Saying that something has verisimilitude is basically saying that it seems legit. Verisimilitude is a piece's resemblance to reality, the extent to which it appears plausible. Now, trying to find Verisimilitude in a smaller piece, like a poem, is quite hard. There isn't anything that really happens to say seems like the truth. Often, the subject matter of poems are quite abstract and this also takes away from any sense of reality.
In "The Negro Speaks of Rivers," Hughes claims to have been an active participant in the history, saying things like "I looked upon the Nile and raised the pyramids above it." Through the allusion to the pyramid, the piece fosters a sense of truthfulness and a similarity to reality but I still don't feel that it has verisimilitude. However, in The Things They Carried, O'Brien is able to achieve Verisimilitude. The detail with which he tells the story makes it seem true, especially when he describes the man that O'Brien killed. The details are so horrifying and anatomically correct that it must be true. But with poetry, you don't get a chance to see the detail that really sells a piece.

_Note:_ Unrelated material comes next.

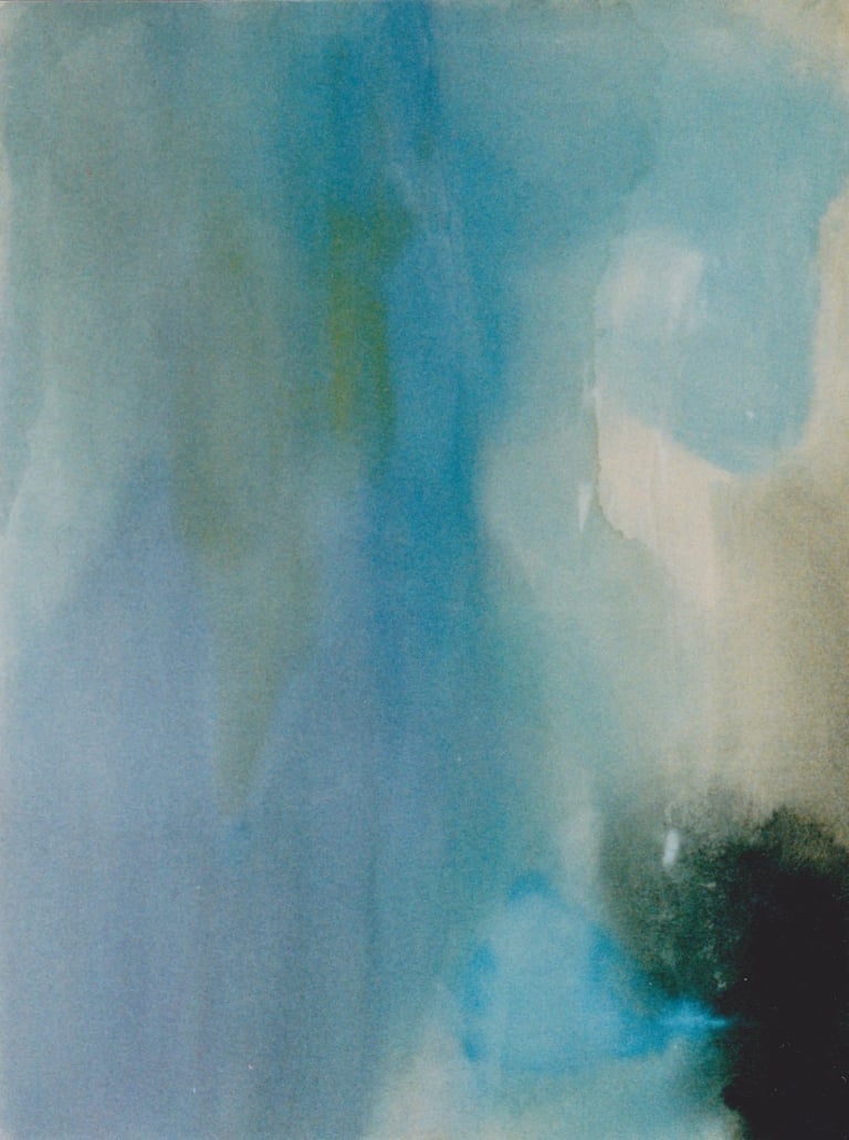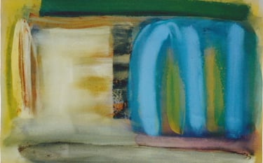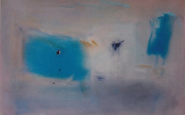 Row 9: Pale Blue, acrylic on canvas, 61 x 95 cm. In Evocation, Cerulean Blue, acrylic on canvas, 122 x 92 cm (SOLD).

So, this week I was watching The Big Bang Theory with my parents and my Dad paused the TV and it landed onto a picture of Sheldon standing next to a board with chemical equations and I noticed something pretty awesome. Written on the board were chemicals that displayed what I believe is Alpha Decay and to my surprise, the equation was correctly written with a superscript to the left of the chemical symbol displaying the atomic mass and a subscript with the atomic number. That small detail added so much to the experience of watching the show and made the show seem like the truth.

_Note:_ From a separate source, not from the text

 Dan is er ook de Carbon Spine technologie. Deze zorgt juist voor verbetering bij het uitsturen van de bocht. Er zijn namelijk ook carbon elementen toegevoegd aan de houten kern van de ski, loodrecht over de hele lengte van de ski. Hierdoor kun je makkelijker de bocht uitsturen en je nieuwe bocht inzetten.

Another great example of Verisimilitude is found in the Lord of the Rings saga and The Hobbit. This weekend, I saw the second hobbit movie and thought that it displayed verisimilitude as well. The Universe is so flushed out and so developed that it seems like another world. In the movie, we can see the effects of actions that happened long ago and how it changed cultures. Thorin, for example, still holds a grudge against the elves for abandoning his people long ago and the people of Lake-Town are still fearful that Smaug may come and destroy their town. Even though The Hobbit is about dwarves and elves and all that junk, it still feels like another reality as the characters act like people. They are just as irrational and helpless as regular people and interact realistically with one another(Except for Legolas who is so good at fighting in the movie that it seems like he is cheating. In one scene he is standing on two barrels in a fast-moving river and firing arrows at the orcs and he doesn't miss a single shot in the entire movie. It's absolutely disgusting but in a good way. ) Verisimilitude is not found in the big ideas that poems consist of but in the little details that make the piece seem real.